За оголтелость Светку в итоге полюбили и зауважали, за дурь, за предельную честность чувств, за несуразность даже.

Серега выходил из школы после уроков, Светка стояла под лестницей, завидев, шла к нему, будто случайно, протягивала рюкзак, набитый учебниками — только как повод, за Сережу она бы сама несла двадцать рюкзаков!

— Проводишь? — звучало обыденно, будто Серега сам просил, и она позволила, а он совсем не рвался, но как истинный джентльмен брал рюкзак.

Они шли вместе, часто молча, Светка чуть впереди, глядя под ноги, вышагивая длинными ходулями косолапо, но стараясь не слишком косолапо. Внутри, в груди, под белыми волнами фартука, она прятала плотный ком белого теплого воска, как будто натопленного от свечи, полупрозрачного, под пальцами суховато-жирного… Не огонь, не разряды тока, а именно загустевающее белое, крепнущее, превращающееся в слоновую кость чувство.

Избранник видел и понимал возвышенную ноту этих провожаний, а потому смущался и молчал, и в глубине души Светкой дорожил и даже гордился — кого из пацанов вот так открыто и откровенно любят? Вскоре Сереге показалось, что и он влюблен. Светка не верила: знала, что попросту приручила его, и правильно делала, что не верила.

У подъезда забирала рюкзак, не глядя в глаза, но худые щеки под крутыми скулами горели красными пятнами. Светка делала шаг к дому, но вдруг наклонялась к Сереге и даже не целовала, а клювом толкала его в щеку, тут же отпрянув и еще быстрее унося в подъезд как будто вдруг гораздо большее количество рук и ног, чем у нее было! Сереже казалось, что от него отлетела большая хищная птица, нечто хаотичное и опасное, из палок и незнакомых чувств, и щека еще несколько минут помнила сильный тычок с размазанной полоской влаги.

Расслабленный и довольный Серега шел к своему дому, стоявшему под углом к Светкиному, с замирающим сердцем, и в руках будто было драгоценное, что нельзя уронить и помять — как торт.

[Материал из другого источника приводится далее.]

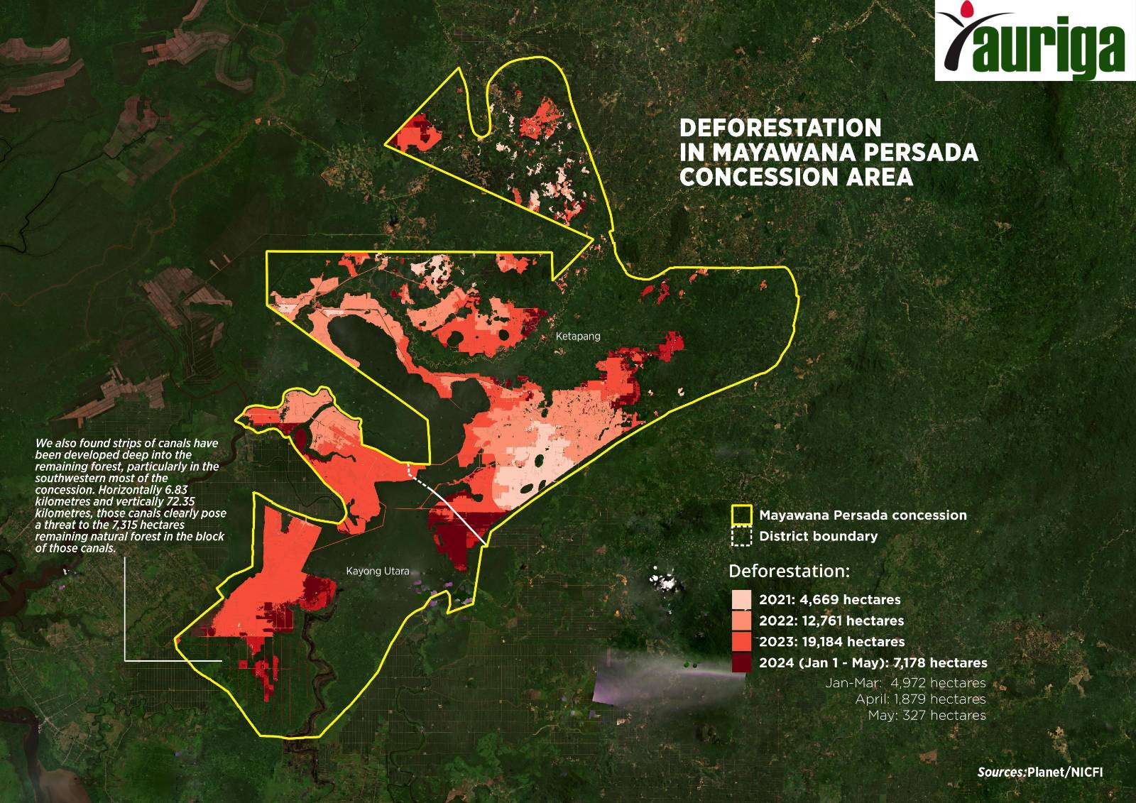 - Satellite analysis found that PT. Mayawana Persada, a pulpwood concession linked to the Royal Golden Eagle group, cleared 2,200 hectares (5,436 acres) of forested peatlands in April and May 2024.

Чрезмерная открытость чувства, слишком большого даже для Светки, его пугала. Ей-то нипочем, она любит, летит, машет руками, как мельница… А ему? Ладно, ничего страшного, что над ними подсмеиваются… Серега может и в нос дать. Его самого смущала, вгоняла в краску и ступор Светкина бешеная энергия.

 

Он отвечал с места, по-собачьи держа руки перед собой и поверхности парты касались подрагивающие пальцы.

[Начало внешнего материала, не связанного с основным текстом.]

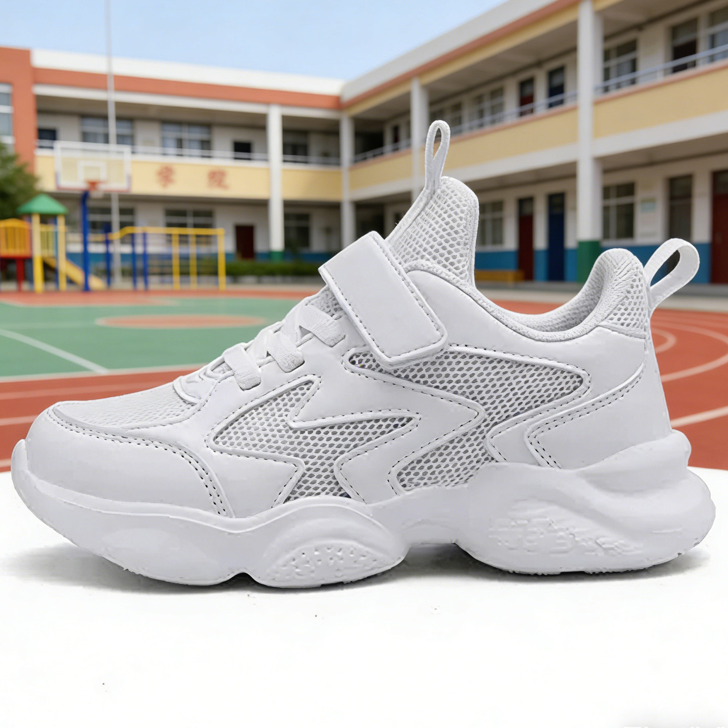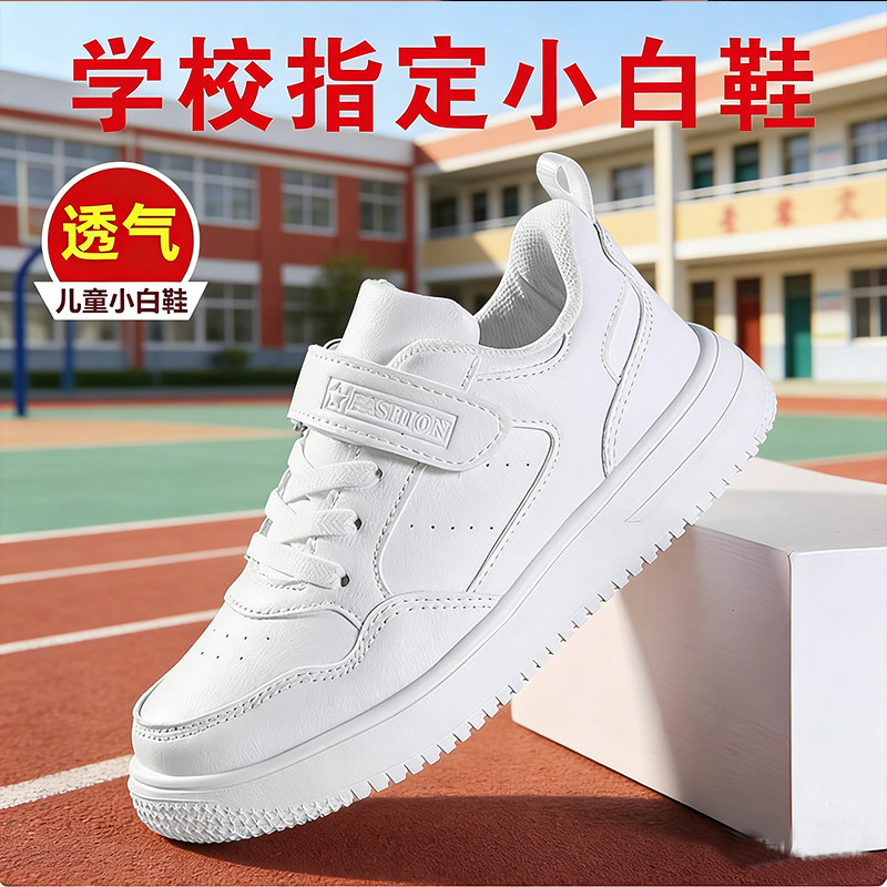 女童小白鞋男童2026春秋网面透气中小童软底校园儿童白色运动鞋子

Ольга Макаровна, пожилая географичка с батискафными линзами очков, кричала, была глуховата:

— Сергеев, кончай дурака валять! Ты что, в яслях мне тут, Краснодар с Красноярском путать?!

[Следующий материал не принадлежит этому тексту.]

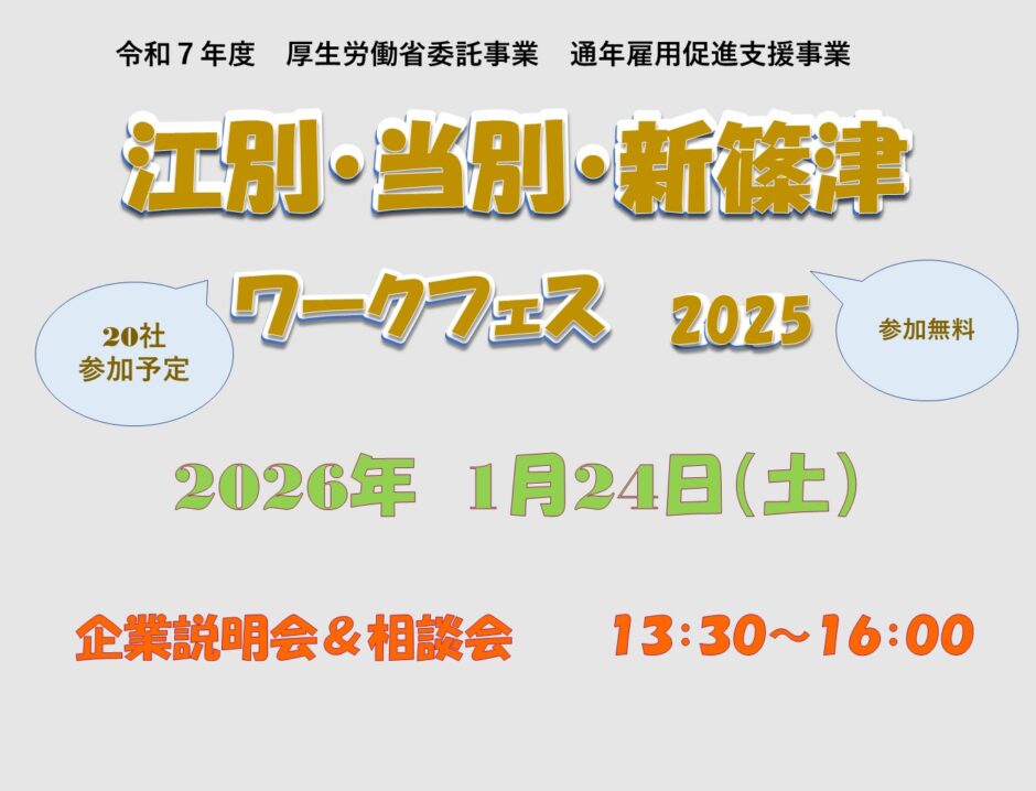 2026年1月24日(土)江別市民会館にて、企業説明会&相談会「江別・当別・新篠津ワークフェス」が開催されます。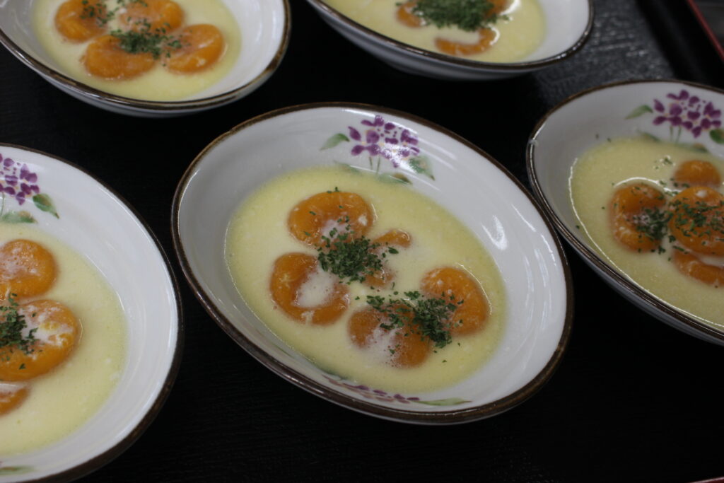 こちらは、カボチャで作ったニョッキです。これは、とても時間と手間がかかるそうです。主任に、皆で南区でお洒落なお店開けるよ??とその腕前で賑わっていました。
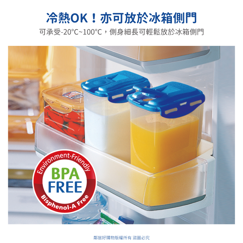 可承受-20℃~100℃,側身細長可輕鬆放於冰箱側門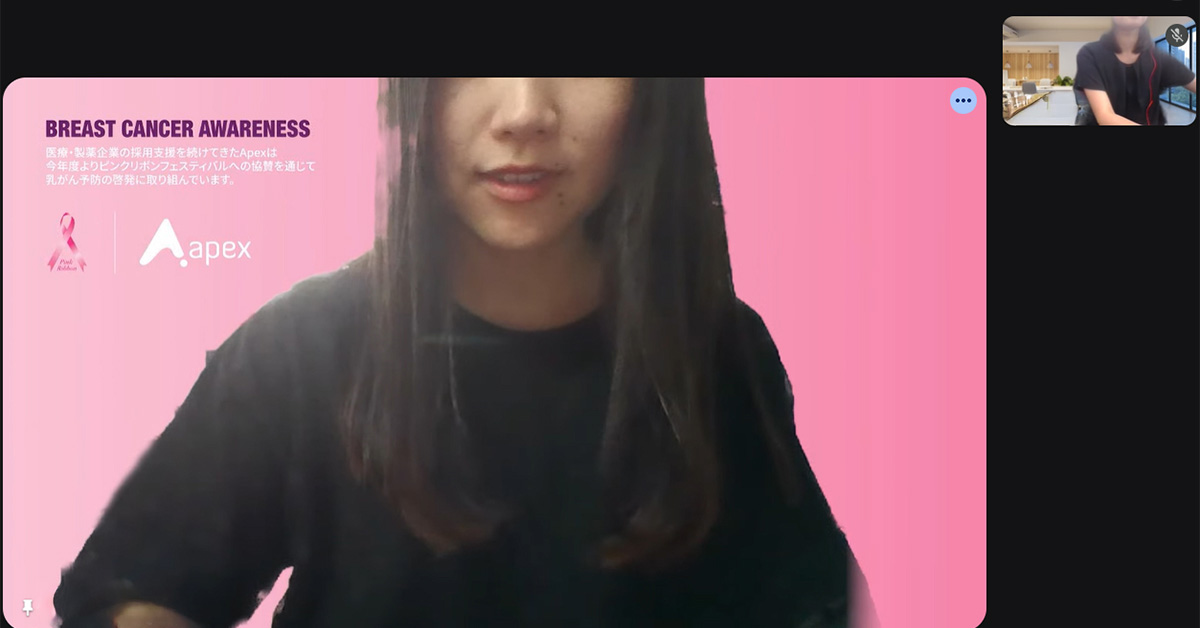 Apexは協賛企業として、毎月19日の「ピンクの日」にSNSでブレスト・アウェアネスを呼びかけ、10月の啓発月間に向けては社内クイズを実施するなど、社員や家族も日常的に啓発に関わっています。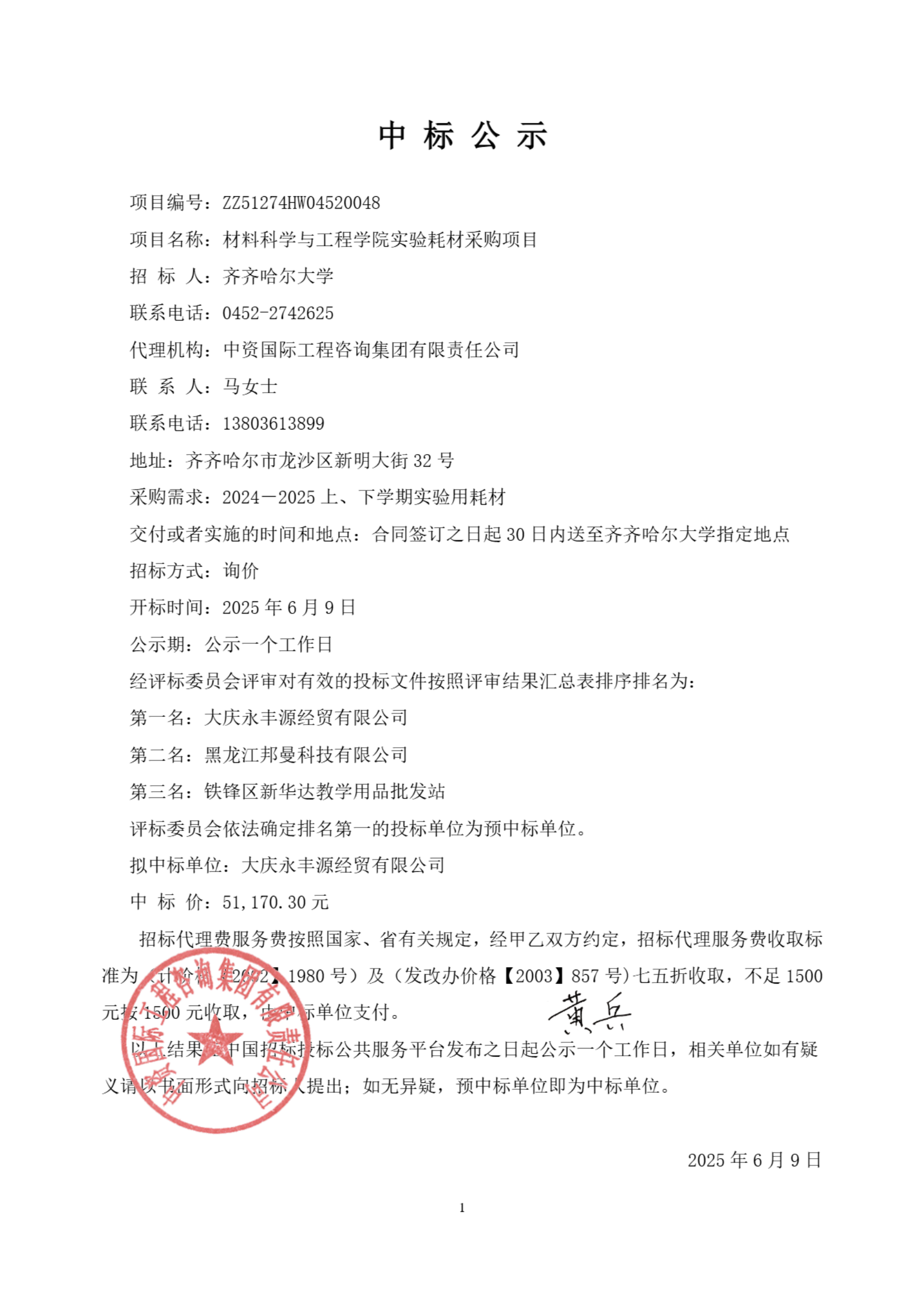 上一條:齊齊哈爾大學2025年秋季學期工程訓練中心金工實習耗材雜品購置項目結(jié)果公告(轉(zhuǎn)自中國招標投標公共服務平臺)

Багряным заливались щеки Сереги, пальцы мгновенно потели, дрожали сильнее, хуже могла сделать только Светка — не выдержав, вскакивала:

— Ольгамакарна, ну все путаются, и я, и все нормальные люди… ну правда, названия-то похожи!

Класс прыскал лопнувшей шиной велика на щебенке. Светку за рукав тянула сесть на место подруга с круглым как воздушный шарик личиком, Людка, сама уже красная, как свежесваренный рак.

Светка излучала не любовь даже, страстную, подчас алчную, а какое-то бескорыстное материнство, даже на физре однажды подала руку, помогла подняться с мата, куда Серого уложил броском через плечо друган Славик… После той физры и простодушной руки помощи Серегу начали подтравливать даже свои, ближний круг — девка ему помогает встать, руку подает, блин! — и Серега понял, что пора что-то делать. Нужно восстановить пацанское статус-кво.

Для начала Серега стал Светку жестко игнорировать. Вдруг перестал здороваться. Смотреть в ее сторону. Обращать на нее внимание. Чтобы дать понять — что-то не так. Но Светка не понимала. Серега хотел ее проучить, повоспитывать. Чтобы вела себя сдержанней, стала собраннее, чтобы не бросалась с размаху на него при каждой встрече, как гриф на котенка, чтобы не носилась за ним на переменах, не прижимала его к окну, громко рассказывая о всякой личной фигне. А не дай бог сам Серега спросит ее, как дела, как они вчера с мамой поздно добрались из гостей, так Светка начнет громко смеяться и орать: а помнишь, у меня в комнате под потолком висит плакат Сандры? ты его еще вешал! так вот… А знаешь, какие хорошие про тебя слова мама говорила!.. А еще мы тут думаем испечь кекс и тебя пригласить!.. И так громко про маму и про кекс говорит, а мимо пацаны идут, слушают, ржут…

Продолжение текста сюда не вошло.